▶ _DATA PROVIDED_:
========================================================================
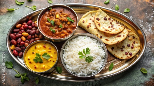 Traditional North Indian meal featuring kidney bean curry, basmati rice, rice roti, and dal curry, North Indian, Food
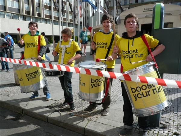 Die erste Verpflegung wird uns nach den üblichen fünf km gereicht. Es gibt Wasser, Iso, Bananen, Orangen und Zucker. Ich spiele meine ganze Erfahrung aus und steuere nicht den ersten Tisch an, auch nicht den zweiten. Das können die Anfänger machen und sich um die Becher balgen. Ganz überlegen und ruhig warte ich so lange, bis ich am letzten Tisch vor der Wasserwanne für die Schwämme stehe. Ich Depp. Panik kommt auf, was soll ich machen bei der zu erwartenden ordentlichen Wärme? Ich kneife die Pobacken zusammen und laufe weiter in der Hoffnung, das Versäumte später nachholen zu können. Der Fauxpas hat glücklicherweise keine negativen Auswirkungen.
========================================================================
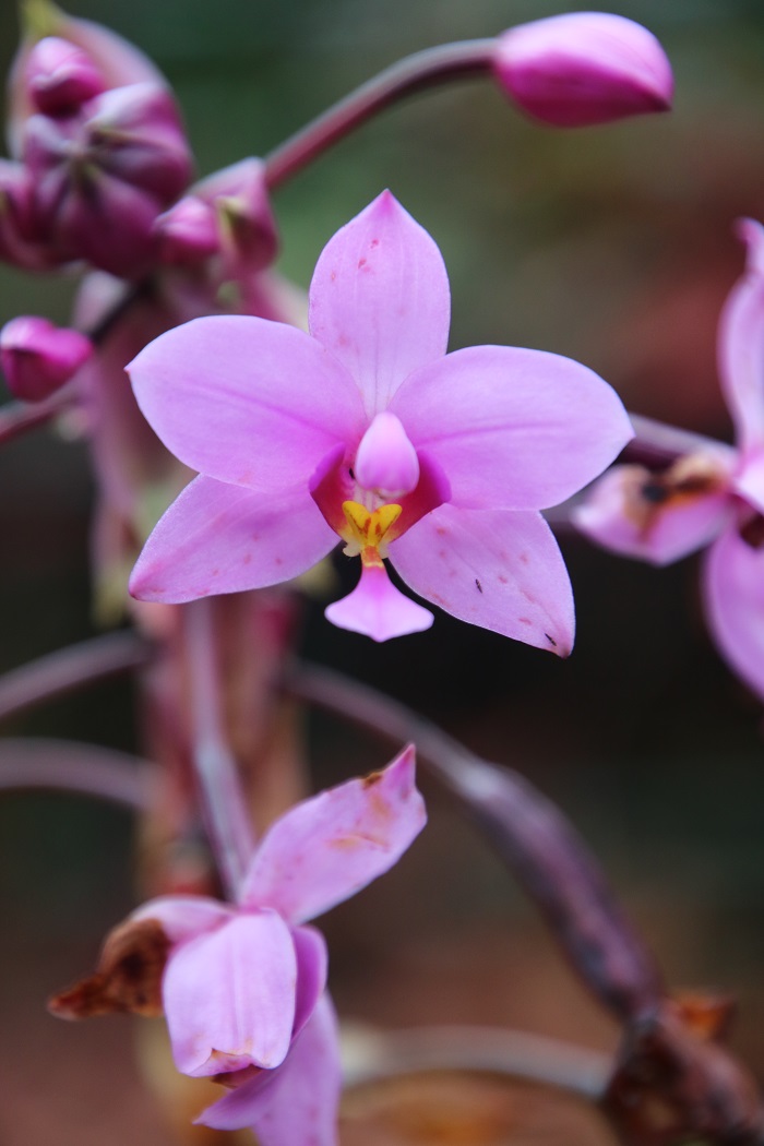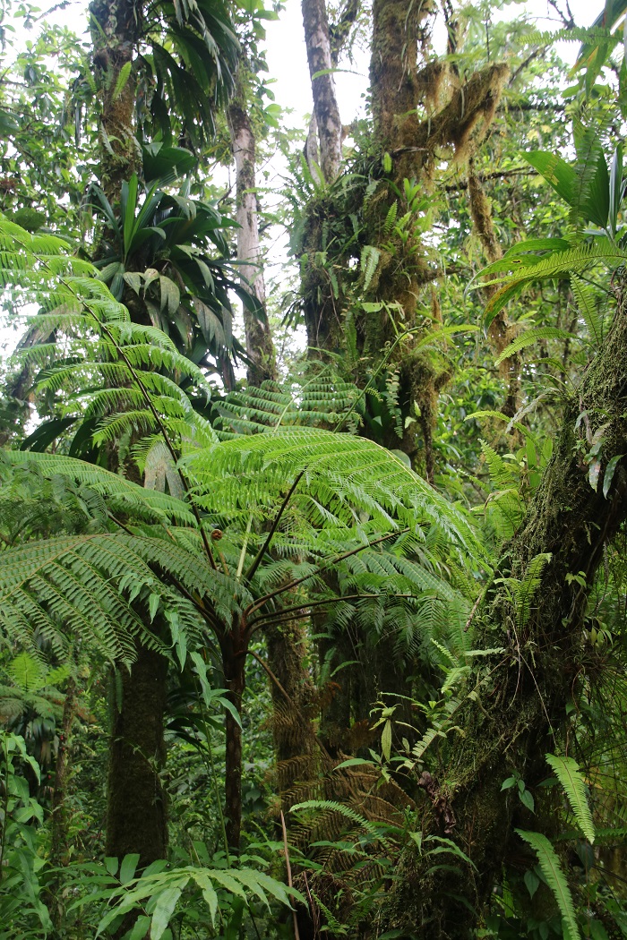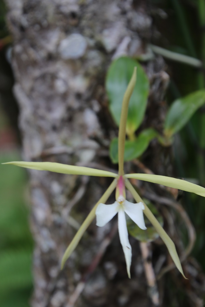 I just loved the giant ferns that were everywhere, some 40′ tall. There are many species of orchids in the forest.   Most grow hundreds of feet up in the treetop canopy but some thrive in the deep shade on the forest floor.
========================================================================
Copy word for word the lines of the records above from the one with "Traditional North Indian" up to and including the one with "Die erste Verpflegung". Skip the pictures.

 Traditional North Indian meal featuring kidney bean curry, basmati rice, rice roti, and dal curry, North Indian, Food
 Die erste Verpflegung wird uns nach den üblichen fünf km gereicht. Es gibt Wasser, Iso, Bananen, Orangen und Zucker. Ich spiele meine ganze Erfahrung aus und steuere nicht den ersten Tisch an, auch nicht den zweiten. Das können die Anfänger machen und sich um die Becher balgen. Ganz überlegen und ruhig warte ich so lange, bis ich am letzten Tisch vor der Wasserwanne für die Schwämme stehe. Ich Depp. Panik kommt auf, was soll ich machen bei der zu erwartenden ordentlichen Wärme? Ich kneife die Pobacken zusammen und laufe weiter in der Hoffnung, das Versäumte später nachholen zu können. Der Fauxpas hat glücklicherweise keine negativen Auswirkungen.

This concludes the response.